Can you take a look at the first patch here:
https://patchwork.freedesktop.org/series/113332/

Maybe you have a better idea? For reference the IGTs that we have for
verifying userspace object clearing are now failing, so hoping that
fixes it. The other two patches I'm hoping will fix the splat.

>
> I can't even find the i915_gem_obj_copy_ttm function in drm-misc-next
> nor drm-next.
>
> Regards,
> Christian.
>
> >
> > <1>[  109.735148] BUG: kernel NULL pointer dereference, address:
> > 0000000000000010
> > <1>[  109.735151] #PF: supervisor read access in kernel mode
> > <1>[  109.735152] #PF: error_code(0x0000) - not-present page
> > <6>[  109.735153] PGD 0 P4D 0
> > <4>[  109.735155] Oops: 0000 [#1] PREEMPT SMP NOPTI
> > <4>[  109.735157] CPU: 1 PID: 92 Comm: kworker/u12:6 Not tainted
> > 6.2.0-rc5-Patchwork_113269v1-gc4d436608c4e+ #1
> > <4>[  109.735159] Hardware name: Gigabyte Technology Co., Ltd.
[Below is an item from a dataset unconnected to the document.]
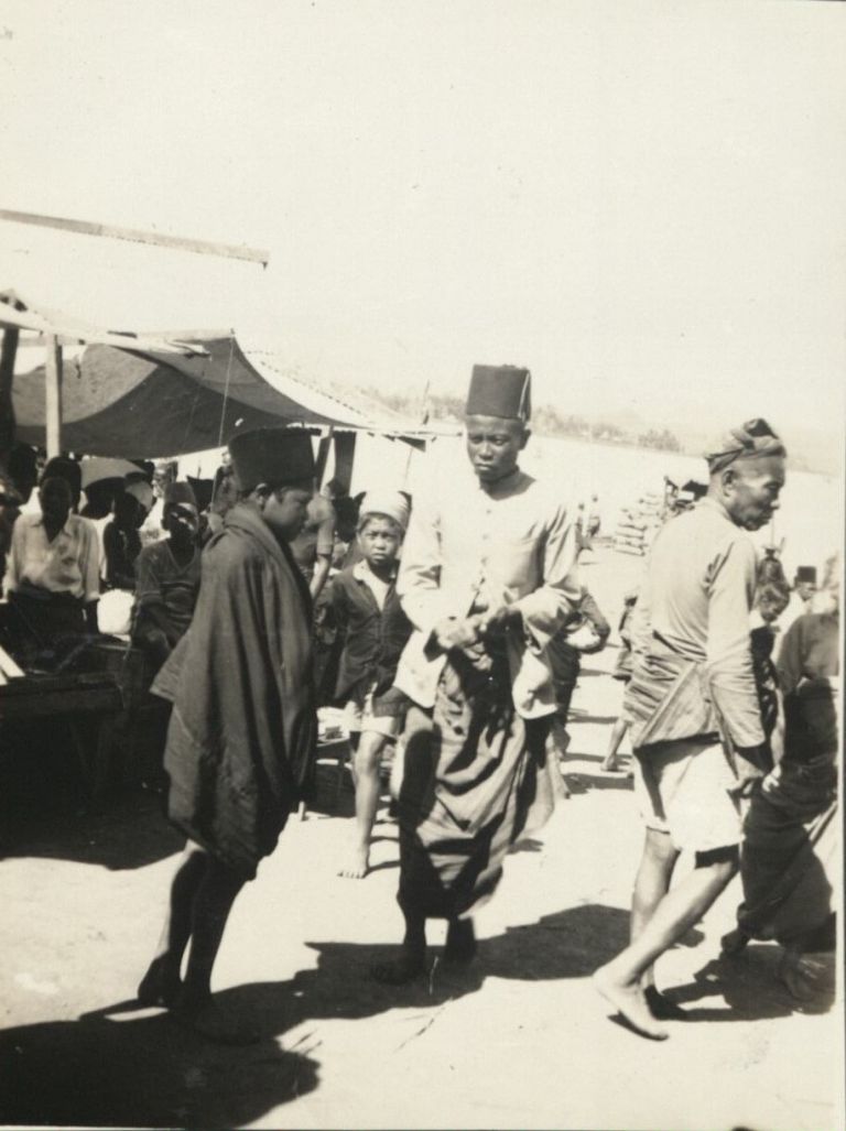Subject: Philippine Muslims at the market in Dansalan, now known as Marawi, Lanao del Norte, Mindanao.

GB-Z390
> > Garuda/GB-Z390 Garuda-CF, BIOS IG1c 11/19/2019
> > <4>[  109.735160] Workqueue: events_unbound async_run_entry_fn
> > <4>[  109.735163] RIP: 0010:i915_ttm_resource_mappable+0x4/0x30 [i915]
> > <4>[  109.735286] Code: b8 f9 ff ff ff eb c2 e8 aa 5e 52 e1 e9 4f 0f
> > 18 00 0f 1f 44 00 00 90 90 90 90 90 90 90 90 90 90 90 90 90 90 90 90
> > 66 0f 1f 00 <8b> 57 10 b8 01 00 00 00 85 d2 74 15 48 8b 47 08 48 05 ff
> > 0f 00 00
> > <4>[  109.735288] RSP: 0018:ffffc90000f339a8 EFLAGS: 00010246
> > <4>[  109.735289] RAX: 0000000000000000 RBX: 0000000000000000 RCX:
> > ffff88810cea3a00
> > <4>[  109.735290] RDX: 0000000000000000 RSI: ffffc90000f33af0 RDI:
> > 0000000000000000
> > <4>[  109.735292] RBP: ffff88811645d7c0 R08: 0000000000000000 R09:
> > ffff888123afa940
> > <4>[  109.735292] R10: 0000000000000001 R11: ffff888104b70040 R12:
> > 0000000000000000
> > <4>[  109.735293] R13: 0000000000000000 R14: ffffc90000f33b08 R15:
> > ffffc90000f33af0
> > <4>[  109.735294] FS:  0000000000000000(0000)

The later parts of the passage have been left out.